(LISTED RECORDS)

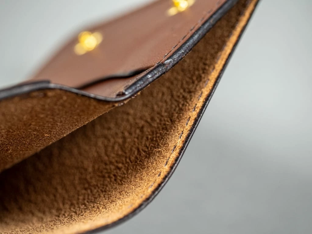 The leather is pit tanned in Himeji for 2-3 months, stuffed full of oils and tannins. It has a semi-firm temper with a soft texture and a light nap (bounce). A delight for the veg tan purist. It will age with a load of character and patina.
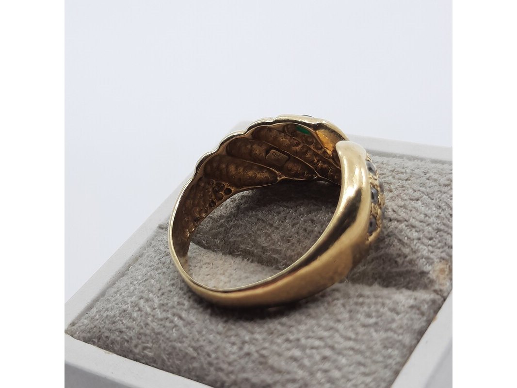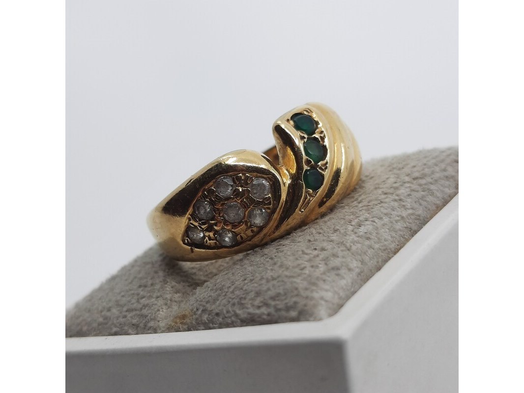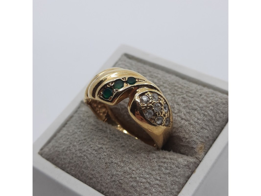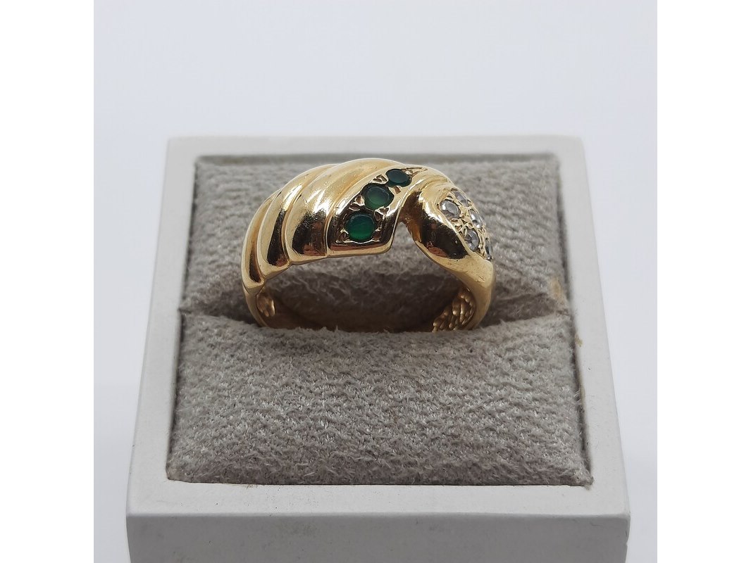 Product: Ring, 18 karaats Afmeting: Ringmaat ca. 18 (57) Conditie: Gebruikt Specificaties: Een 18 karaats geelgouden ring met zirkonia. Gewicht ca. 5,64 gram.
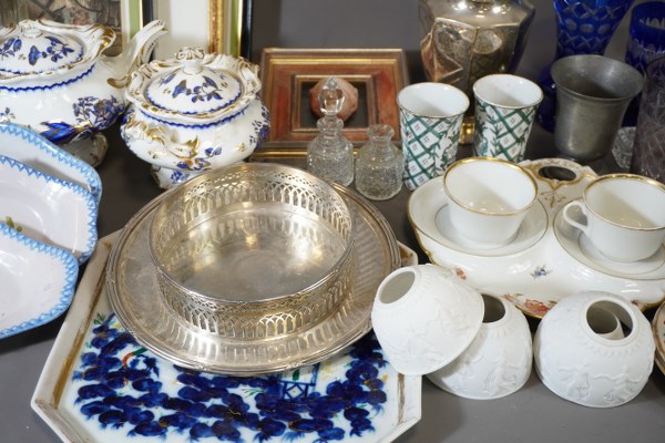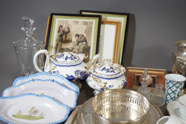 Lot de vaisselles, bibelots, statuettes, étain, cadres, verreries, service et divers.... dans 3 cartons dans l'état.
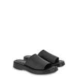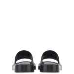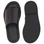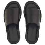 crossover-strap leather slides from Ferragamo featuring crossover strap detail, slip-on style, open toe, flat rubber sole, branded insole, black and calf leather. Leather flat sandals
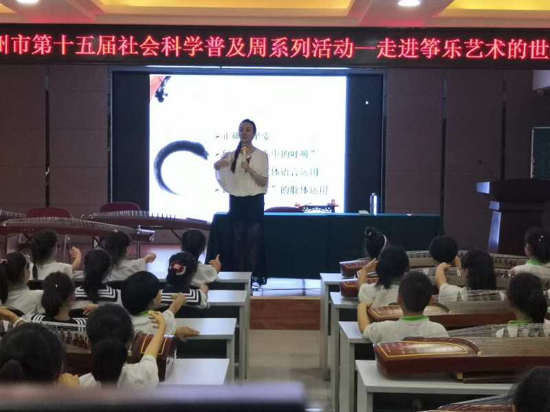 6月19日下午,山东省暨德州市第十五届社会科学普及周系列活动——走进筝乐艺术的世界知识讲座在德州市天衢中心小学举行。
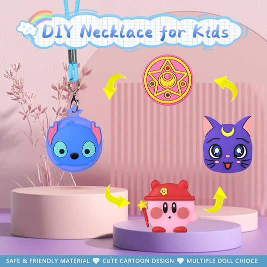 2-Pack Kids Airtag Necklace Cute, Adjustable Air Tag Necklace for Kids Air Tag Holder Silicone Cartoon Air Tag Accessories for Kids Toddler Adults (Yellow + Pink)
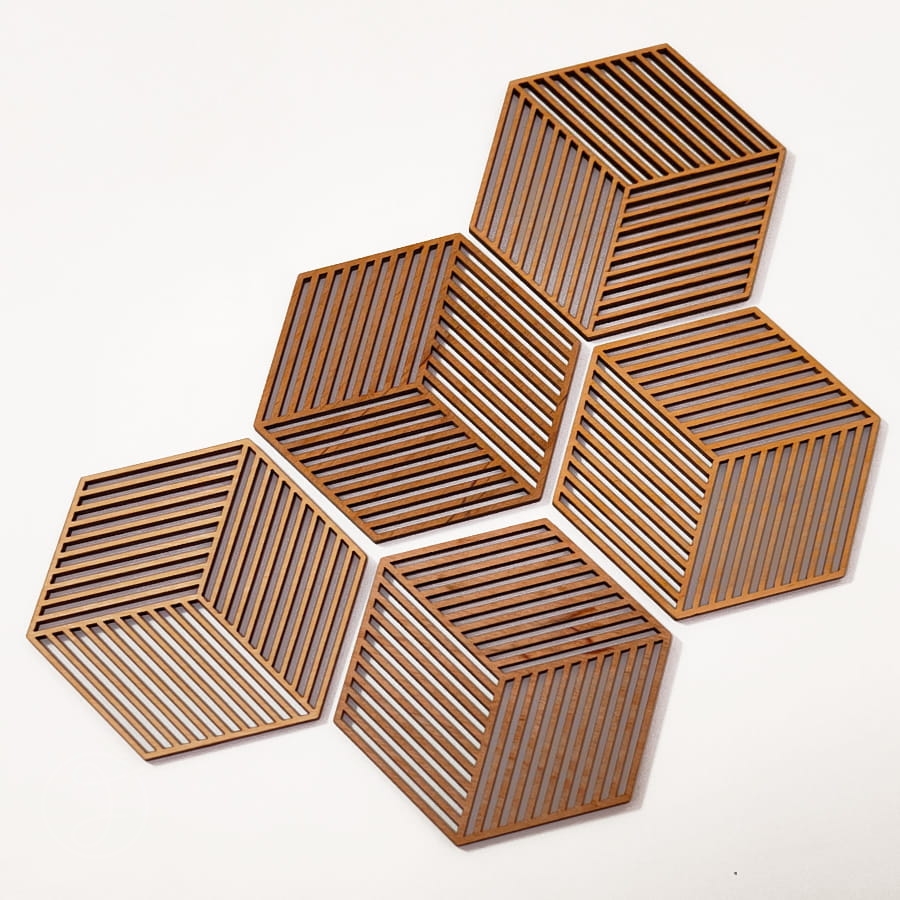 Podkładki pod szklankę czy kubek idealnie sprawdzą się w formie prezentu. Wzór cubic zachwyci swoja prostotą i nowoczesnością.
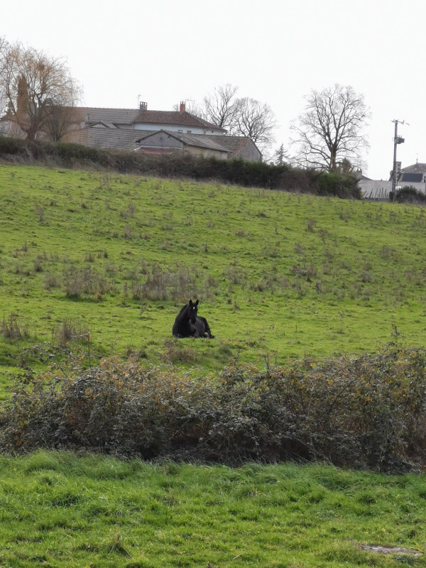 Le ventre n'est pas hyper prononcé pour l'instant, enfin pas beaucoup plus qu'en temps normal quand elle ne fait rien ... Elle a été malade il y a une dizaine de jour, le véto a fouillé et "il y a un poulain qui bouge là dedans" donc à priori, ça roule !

(End LISTED RECORDS)

Return only the lines from the line containing "6月19日下午,山东省暨德州" through the last line of the records above, both ends included, exactly as written, leaving pictures out.

ANSWER SPACE ▸
 6月19日下午,山东省暨德州市第十五届社会科学普及周系列活动——走进筝乐艺术的世界知识讲座在德州市天衢中心小学举行。
 2-Pack Kids Airtag Necklace Cute, Adjustable Air Tag Necklace for Kids Air Tag Holder Silicone Cartoon Air Tag Accessories for Kids Toddler Adults (Yellow + Pink)
 Podkładki pod szklankę czy kubek idealnie sprawdzą się w formie prezentu. Wzór cubic zachwyci swoja prostotą i nowoczesnością.
 Le ventre n'est pas hyper prononcé pour l'instant, enfin pas beaucoup plus qu'en temps normal quand elle ne fait rien ... Elle a été malade il y a une dizaine de jour, le véto a fouillé et "il y a un poulain qui bouge là dedans" donc à priori, ça roule !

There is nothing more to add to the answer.